## Recorded information
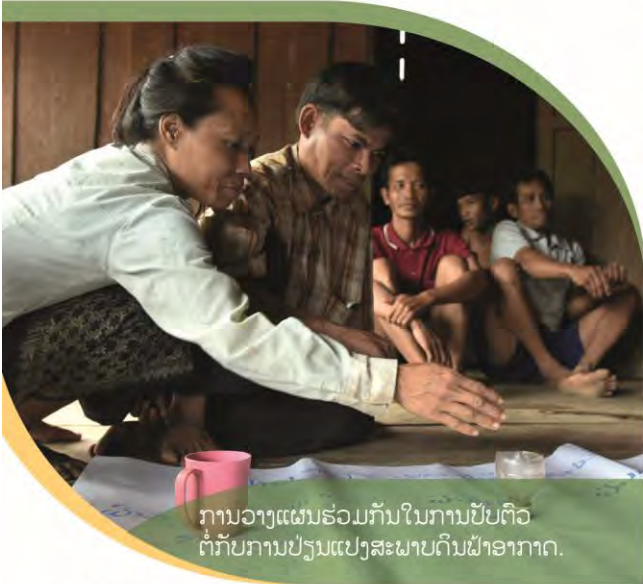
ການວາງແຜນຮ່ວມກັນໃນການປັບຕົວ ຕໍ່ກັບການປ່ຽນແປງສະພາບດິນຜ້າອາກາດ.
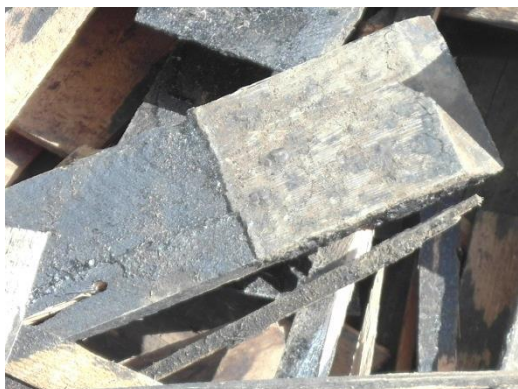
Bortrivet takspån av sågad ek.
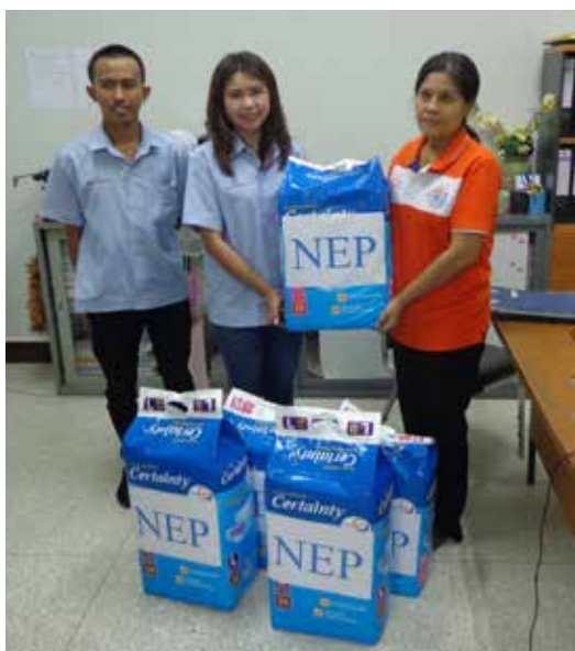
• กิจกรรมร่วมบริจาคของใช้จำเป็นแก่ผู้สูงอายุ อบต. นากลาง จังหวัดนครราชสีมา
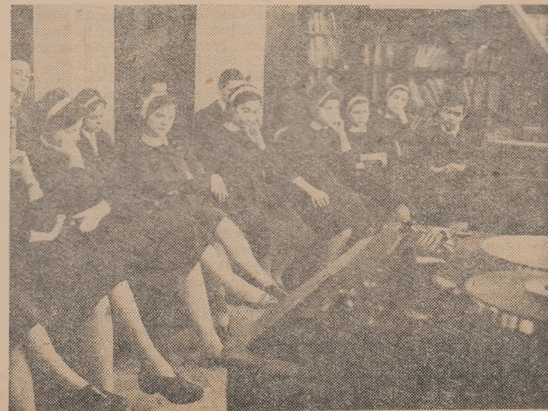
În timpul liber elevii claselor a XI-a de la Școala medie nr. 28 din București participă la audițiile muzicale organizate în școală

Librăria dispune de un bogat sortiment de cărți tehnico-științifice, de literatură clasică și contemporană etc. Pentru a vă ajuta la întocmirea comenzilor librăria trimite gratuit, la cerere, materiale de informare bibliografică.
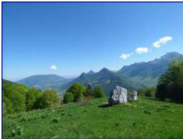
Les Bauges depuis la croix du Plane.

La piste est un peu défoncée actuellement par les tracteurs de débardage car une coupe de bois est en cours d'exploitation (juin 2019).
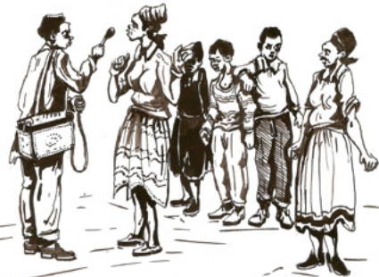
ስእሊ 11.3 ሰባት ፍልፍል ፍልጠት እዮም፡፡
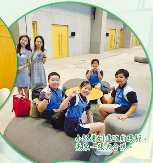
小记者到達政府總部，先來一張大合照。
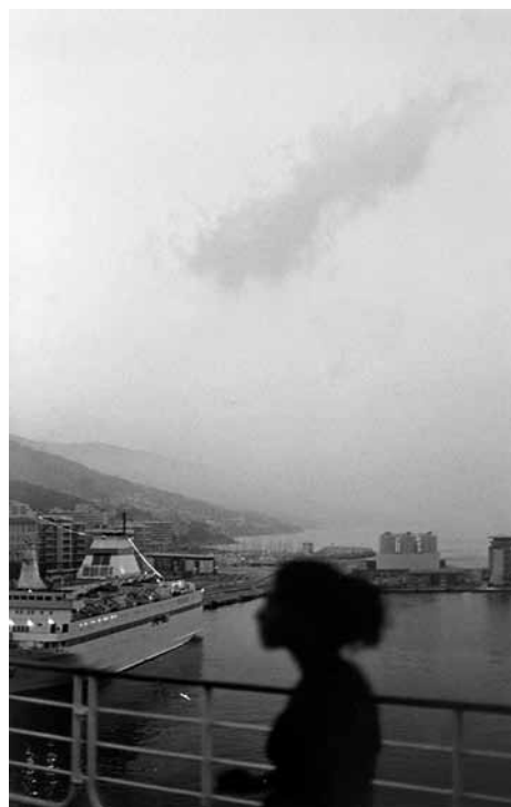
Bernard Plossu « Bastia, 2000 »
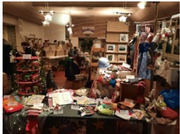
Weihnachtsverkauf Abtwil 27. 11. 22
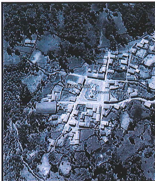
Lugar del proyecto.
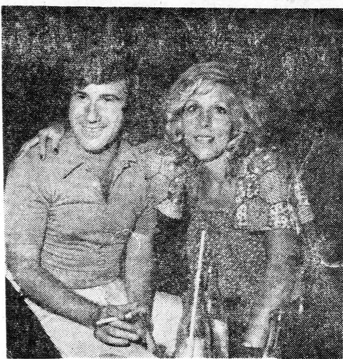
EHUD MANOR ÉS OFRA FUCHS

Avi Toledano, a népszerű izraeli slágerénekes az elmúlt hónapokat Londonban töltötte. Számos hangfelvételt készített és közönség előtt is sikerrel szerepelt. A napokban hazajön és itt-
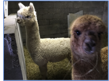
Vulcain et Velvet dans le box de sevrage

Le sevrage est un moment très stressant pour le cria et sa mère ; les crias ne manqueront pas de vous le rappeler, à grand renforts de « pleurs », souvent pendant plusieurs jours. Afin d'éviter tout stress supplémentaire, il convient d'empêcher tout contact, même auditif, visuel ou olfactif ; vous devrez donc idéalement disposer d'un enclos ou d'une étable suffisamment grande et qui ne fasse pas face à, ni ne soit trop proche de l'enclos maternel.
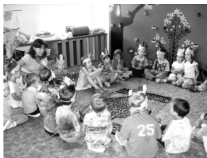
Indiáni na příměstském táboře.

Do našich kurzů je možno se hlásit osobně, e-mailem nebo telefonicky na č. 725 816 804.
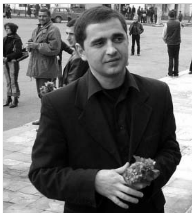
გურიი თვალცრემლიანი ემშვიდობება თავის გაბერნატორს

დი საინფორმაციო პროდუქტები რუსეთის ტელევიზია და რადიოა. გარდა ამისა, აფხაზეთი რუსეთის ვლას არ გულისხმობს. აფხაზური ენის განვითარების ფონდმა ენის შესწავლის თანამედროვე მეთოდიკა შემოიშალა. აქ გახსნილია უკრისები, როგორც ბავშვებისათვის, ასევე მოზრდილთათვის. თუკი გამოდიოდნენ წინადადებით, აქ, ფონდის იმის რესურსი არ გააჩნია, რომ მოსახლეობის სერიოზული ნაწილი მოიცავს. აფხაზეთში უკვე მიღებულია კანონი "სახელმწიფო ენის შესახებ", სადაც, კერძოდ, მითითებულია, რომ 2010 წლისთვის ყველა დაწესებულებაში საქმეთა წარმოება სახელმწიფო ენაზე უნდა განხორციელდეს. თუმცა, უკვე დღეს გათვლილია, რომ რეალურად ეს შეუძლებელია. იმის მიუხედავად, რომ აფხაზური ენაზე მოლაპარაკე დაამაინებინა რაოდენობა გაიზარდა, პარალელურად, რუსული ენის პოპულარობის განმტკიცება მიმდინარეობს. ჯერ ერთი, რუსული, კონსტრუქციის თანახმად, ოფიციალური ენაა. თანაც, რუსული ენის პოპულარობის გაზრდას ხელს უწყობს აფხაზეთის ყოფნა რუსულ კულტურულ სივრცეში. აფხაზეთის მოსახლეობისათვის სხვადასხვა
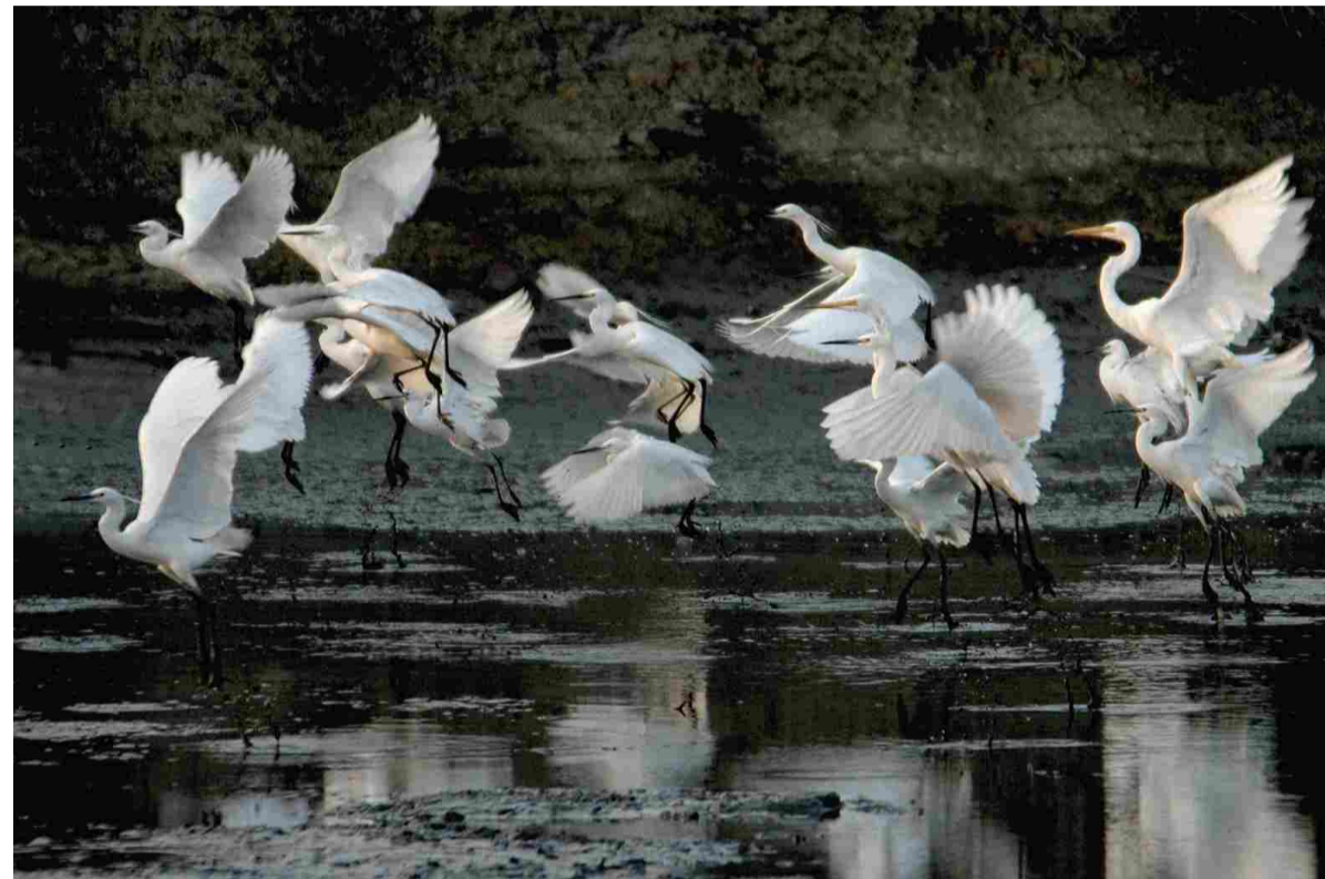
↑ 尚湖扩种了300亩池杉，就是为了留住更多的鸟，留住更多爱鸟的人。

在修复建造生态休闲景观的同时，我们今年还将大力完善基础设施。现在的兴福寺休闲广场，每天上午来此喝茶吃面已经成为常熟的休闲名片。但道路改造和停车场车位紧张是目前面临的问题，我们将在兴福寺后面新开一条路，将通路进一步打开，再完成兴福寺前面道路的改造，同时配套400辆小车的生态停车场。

## Activity
Take the listing above and retype it exactly. Its pictures are to be omitted.

## Response below
ການວາງແຜນຮ່ວມກັນໃນການປັບຕົວ ຕໍ່ກັບການປ່ຽນແປງສະພາບດິນຜ້າອາກາດ.
Bortrivet takspån av sågad ek.
• กิจกรรมร่วมบริจาคของใช้จำเป็นแก่ผู้สูงอายุ อบต. นากลาง จังหวัดนครราชสีมา
În timpul liber elevii claselor a XI-a de la Școala medie nr. 28 din București participă la audițiile muzicale organizate în școală

Librăria dispune de un bogat sortiment de cărți tehnico-științifice, de literatură clasică și contemporană etc. Pentru a vă ajuta la întocmirea comenzilor librăria trimite gratuit, la cerere, materiale de informare bibliografică.
Les Bauges depuis la croix du Plane.

La piste est un peu défoncée actuellement par les tracteurs de débardage car une coupe de bois est en cours d'exploitation (juin 2019).
ስእሊ 11.3 ሰባት ፍልፍል ፍልጠት እዮም፡፡
小记者到達政府總部，先來一張大合照。
Bernard Plossu « Bastia, 2000 »
Weihnachtsverkauf Abtwil 27. 11. 22
Lugar del proyecto.
EHUD MANOR ÉS OFRA FUCHS

Avi Toledano, a népszerű izraeli slágerénekes az elmúlt hónapokat Londonban töltötte. Számos hangfelvételt készített és közönség előtt is sikerrel szerepelt. A napokban hazajön és itt-
Vulcain et Velvet dans le box de sevrage

Le sevrage est un moment très stressant pour le cria et sa mère ; les crias ne manqueront pas de vous le rappeler, à grand renforts de « pleurs », souvent pendant plusieurs jours. Afin d'éviter tout stress supplémentaire, il convient d'empêcher tout contact, même auditif, visuel ou olfactif ; vous devrez donc idéalement disposer d'un enclos ou d'une étable suffisamment grande et qui ne fasse pas face à, ni ne soit trop proche de l'enclos maternel.
Indiáni na příměstském táboře.

Do našich kurzů je možno se hlásit osobně, e-mailem nebo telefonicky na č. 725 816 804.
გურიი თვალცრემლიანი ემშვიდობება თავის გაბერნატორს

დი საინფორმაციო პროდუქტები რუსეთის ტელევიზია და რადიოა. გარდა ამისა, აფხაზეთი რუსეთის ვლას არ გულისხმობს. აფხაზური ენის განვითარების ფონდმა ენის შესწავლის თანამედროვე მეთოდიკა შემოიშალა. აქ გახსნილია უკრისები, როგორც ბავშვებისათვის, ასევე მოზრდილთათვის. თუკი გამოდიოდნენ წინადადებით, აქ, ფონდის იმის რესურსი არ გააჩნია, რომ მოსახლეობის სერიოზული ნაწილი მოიცავს. აფხაზეთში უკვე მიღებულია კანონი "სახელმწიფო ენის შესახებ", სადაც, კერძოდ, მითითებულია, რომ 2010 წლისთვის ყველა დაწესებულებაში საქმეთა წარმოება სახელმწიფო ენაზე უნდა განხორციელდეს. თუმცა, უკვე დღეს გათვლილია, რომ რეალურად ეს შეუძლებელია. იმის მიუხედავად, რომ აფხაზური ენაზე მოლაპარაკე დაამაინებინა რაოდენობა გაიზარდა, პარალელურად, რუსული ენის პოპულარობის განმტკიცება მიმდინარეობს. ჯერ ერთი, რუსული, კონსტრუქციის თანახმად, ოფიციალური ენაა. თანაც, რუსული ენის პოპულარობის გაზრდას ხელს უწყობს აფხაზეთის ყოფნა რუსულ კულტურულ სივრცეში. აფხაზეთის მოსახლეობისათვის სხვადასხვა
↑ 尚湖扩种了300亩池杉，就是为了留住更多的鸟，留住更多爱鸟的人。

在修复建造生态休闲景观的同时，我们今年还将大力完善基础设施。现在的兴福寺休闲广场，每天上午来此喝茶吃面已经成为常熟的休闲名片。但道路改造和停车场车位紧张是目前面临的问题，我们将在兴福寺后面新开一条路，将通路进一步打开，再完成兴福寺前面道路的改造，同时配套400辆小车的生态停车场。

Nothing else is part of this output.